Рассказанные случаи все и относятся к моменту этого перехода, суть начало этого перехода. Они образуют муже/девство и дево/мужество полу-гомосексуальность или полу-содомию, иначе могущую быть названной, за отсутствием физического общения, духовной содомией или духовной гомосексуальностью. Хотя, должен признаться, оба эти термина мне противны и неточны, и употребляю я их единственно для того, чтобы обозначить явления, о которых говорю. Это есть то удивлявшее еще в древности состояние людей, когда они не отяжелены общим бременем всех людей, общей заботой всех людей, всемирной рода человеческого нуждой — найти себе самку, «соответственную себе» (бытие, II), самца, «соответственного себе», — «супругу», «супруга». Это — от века не «обрученные» люди, которые или не будут «супружиться», или, и посупружась, — будут вести жизнь, как девственные. Это «те, которые неосквернились с женами, понеже девственники суть», и число их исчислено в небольшую для судеб всего человечества цифру 144 000; «скопцы от чрева матери», предназначенные для «царства небесного», где «не посягают и не женятся» и «не будут иметь детей». Отвратительными медицинскими терминами и фантастическими, совершенно глупыми представлениями и сплетнями общества истина этого явления глубоко погребена под сором; и в то время как общество, ничего не знающее о таком субъекте лично, любуется им как каким-то спокойным «ангелом», не знающим самых томительных человеческих забот и вместе с тем самых унизительных, ибо «отыскание» самки (или самца) себе всегда сопряжено с самопорабощением, с заискиванием, «ухаживанием», — то же самое общество, не зная глубины явления и не догадываясь, что к категории этой принадлежат всеобще любимые и Почитаемые лица, — рисует вообще и шаблонно, механически и машинно всю эту категорию людей «извращенными», «развратными», «больными», «уродами», чему, главным образом, способствовала ремесленная медицина и ремесленная юрисдикция. Врач с клистирной трубкой и пластырем и судья, всегда судивший кражи, убийства и подлоги, встретясь с явлением, для которого недостаточно всех умственных сил Пастера, Шарко и друг., стали — один брызгать на него из клистирной трубки, а другой приговорил его в тюрьму; оба — «по профессии своей», по привычке своей, по традиции своей; проще же — оттого, что они никогда ничего другого и не умели делать ни с чем.

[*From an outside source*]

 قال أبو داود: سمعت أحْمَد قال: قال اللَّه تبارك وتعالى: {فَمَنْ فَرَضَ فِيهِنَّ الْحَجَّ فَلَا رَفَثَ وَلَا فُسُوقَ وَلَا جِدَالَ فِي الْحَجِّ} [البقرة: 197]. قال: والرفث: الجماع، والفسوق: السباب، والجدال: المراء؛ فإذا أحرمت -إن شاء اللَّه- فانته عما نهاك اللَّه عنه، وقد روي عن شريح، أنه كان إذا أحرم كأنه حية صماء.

Все это рассказано еще в басне о петухе, который,
Навозну кучу разрывая,
нашел зерно особой породы, вида и, спросив у него свойств ячменного зерна и не найдя их — разразился известным глубокомысленным рассуждением-бранью.

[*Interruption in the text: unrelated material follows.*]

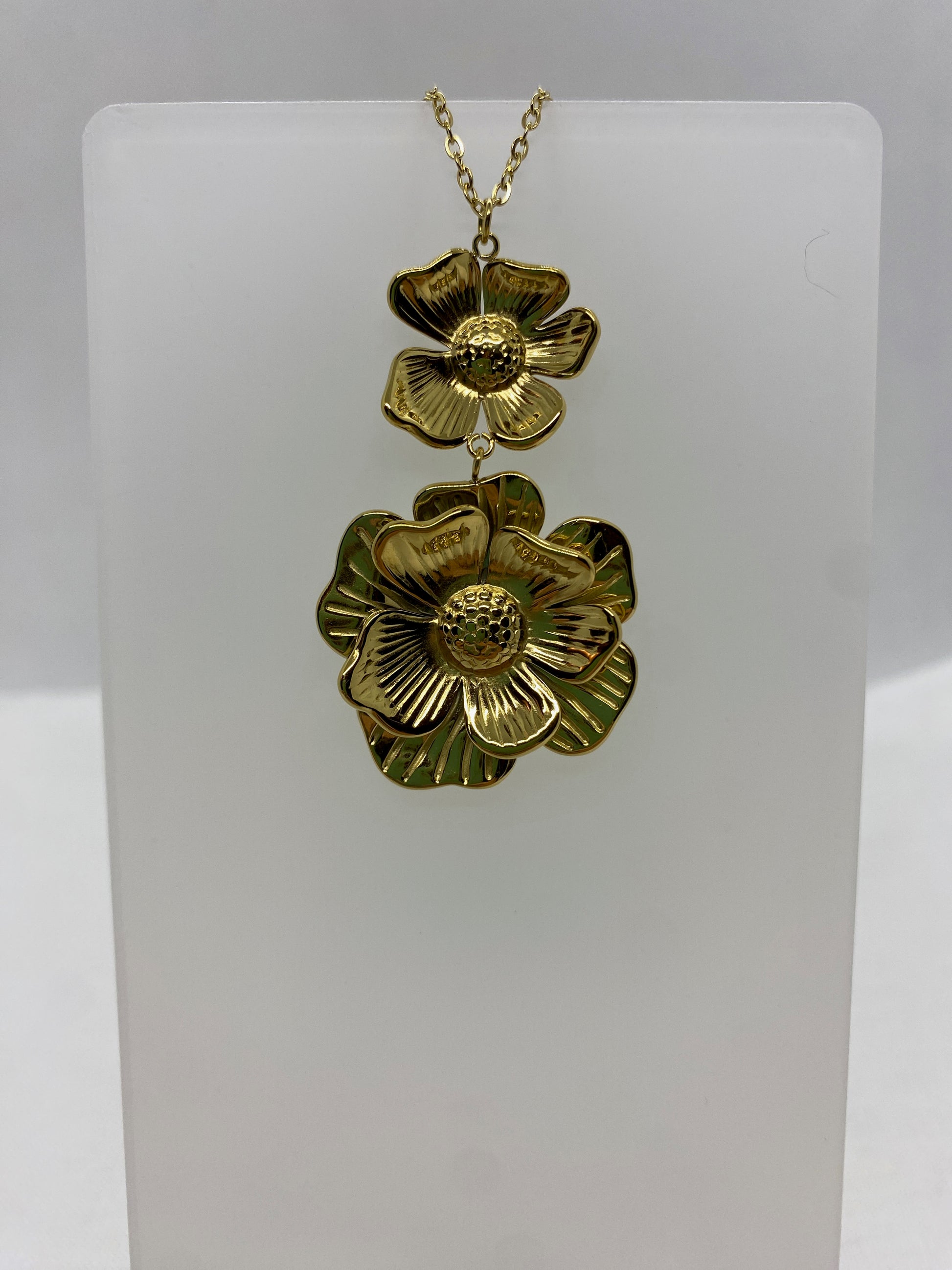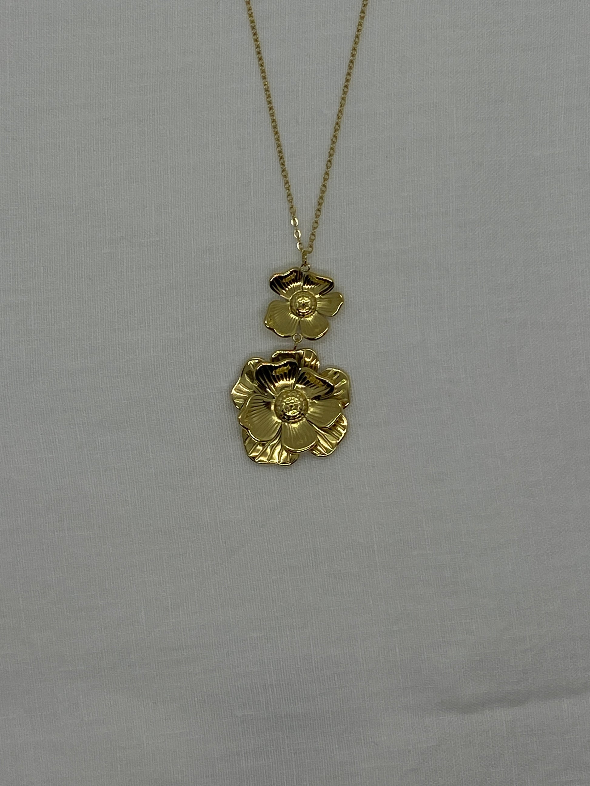 Finement travaillé avec un petit relief extérieur en peau de serpent, ce collier est typique de l'Art Nouveau avec ces deux anémones délicates et raffinées. Vous pourriez retrouver ses boucles d'oreilles et bracelet assortis pour compléter cette création unique qui vous fera voyager dans le temps et dans l'art. Acier doré ou fin. L. 40 cm. + 5 cm

Самоотрицание пола; духовная содомия и аскетизм
Между тем это редкое явление, но совершенно естественное в текущем поле, явление ± полового вожделения, оно-то и лежит малым горчичным зерном, из которого выросло дерево, затенившее ветвями своими целую землю и от плодов которого Духовно питаются все народы.
Спешат ли в далекие страны вновь открытой Америки Или древнего Китая посланцы папы, прозелиты веры, возможные мученики: знайте, это — девственники. Они никогда не женятся.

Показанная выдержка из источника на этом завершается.